Reading dynamically generated web pages using python

I am trying to scrape a web site using python and beautiful soup. I encountered that in some sites, the image links although seen on the browser is cannot be seen in the source code. However on using Chrome Inspect or Fiddler, we can see the the corresponding codes. What I see in the source code is:

<div id="cntnt"></div>

But on Chrome Inspect, I can see a whole bunch of HTML\CSS code generated within this div class. Is there a way to load the generated content also within python? I am using the regular urllib in python and I am able to get the source but without the generated part.

I am not a web developer hence I am not able to express the behaviour in better terms. Please feel free to clarify if my question seems vague !

Upvotes: 24

Answers (4)

TheHeadlessSourceMan

Reputation: 747

TRY THIS FIRST!

Perhaps the data technically could be in the javascript itself and all this javascript engine business is needed. (Some GREAT links here!)

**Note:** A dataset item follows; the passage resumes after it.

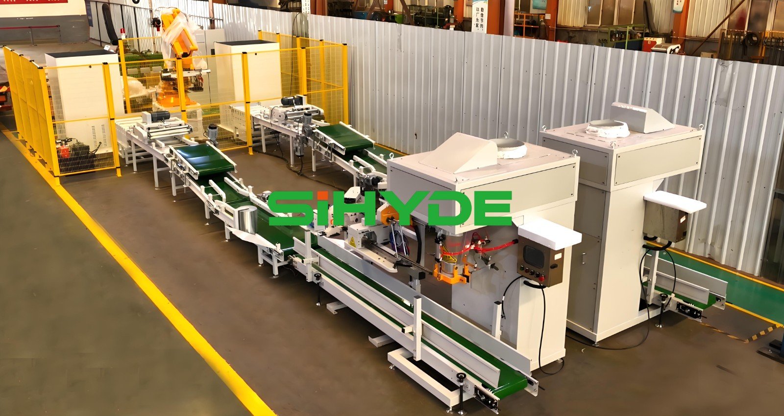 中海德機器人包裝碼垛系統(tǒng),是一套集輸送、整形、壓包、碼垛于一體的智能裝備組合,專為解決25KG-50KG袋裝物料的“最后一公里”包裝難題。系統(tǒng)核心組件包括: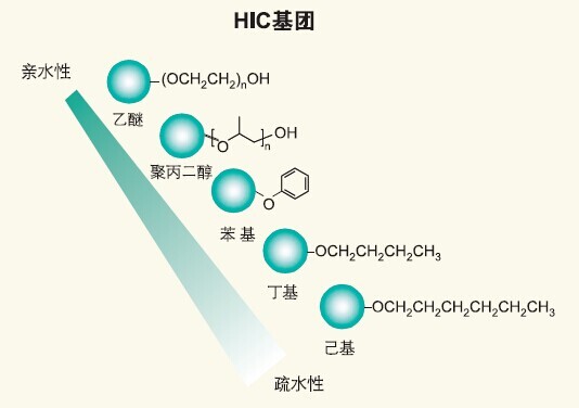 ??? 東曹公司提供5種具有不同疏水性和選擇性的HIC填料。疏水性由弱到強(qiáng)的順序?yàn)椋阂颐眩?/span>Ether),聚丙二醇(PPG),苯基(Phenyl),丁基(Butyl),己基(Hexyl)。Toyopearl Hexyl和Butyl常用來(lái)分離低疏水性的蛋白;Toyopearl Ether常用來(lái)純化疏水性很強(qiáng)的蛋白質(zhì),比如單克隆抗體和膜蛋白,這兩種蛋白會(huì)和其他疏水介質(zhì)結(jié)合的非常牢固而導(dǎo)致低的回收率。若客戶對(duì)樣品的疏水性不十分清楚,一般建議客戶先選用中等疏水性的Toyopearl Phenyl做條件的摸索。

But from experience, my first guess is that the JS is pulling the data in via an ajax request. If you can get your program simulate that, you'll probably get everything you need handed right to you without any tedious parsing/executing/scraping involved!

It will take a little detective work though. I suggest turning on your network traffic logger (such as "Web Developer Toolbar" in Firefox) and then visiting the site. Focus your attention attention on any/all XmlHTTPRequests. The data you need should be found somewhere in one of these responses, probably in the middle of some JSON text.

Now, see if you can re-create that request and get the data directly. (NOTE: You may have to set the User-Agent of your request so the server thinks you're a "real" web browser.)

Upvotes: 0

ivan_pozdeev

Reputation: 36106

A regular scraper gets just the HTML document. To get any content generated by JavaScript logic, you rather need a Headless browser that would also generate the DOM, load and run the scripts like a regular browser would. The Wikipedia article and some other pages on the Net have lists of those and their capabilities.

Keep in mind when choosing that some previously major products of those are abandoned now.

Upvotes: 0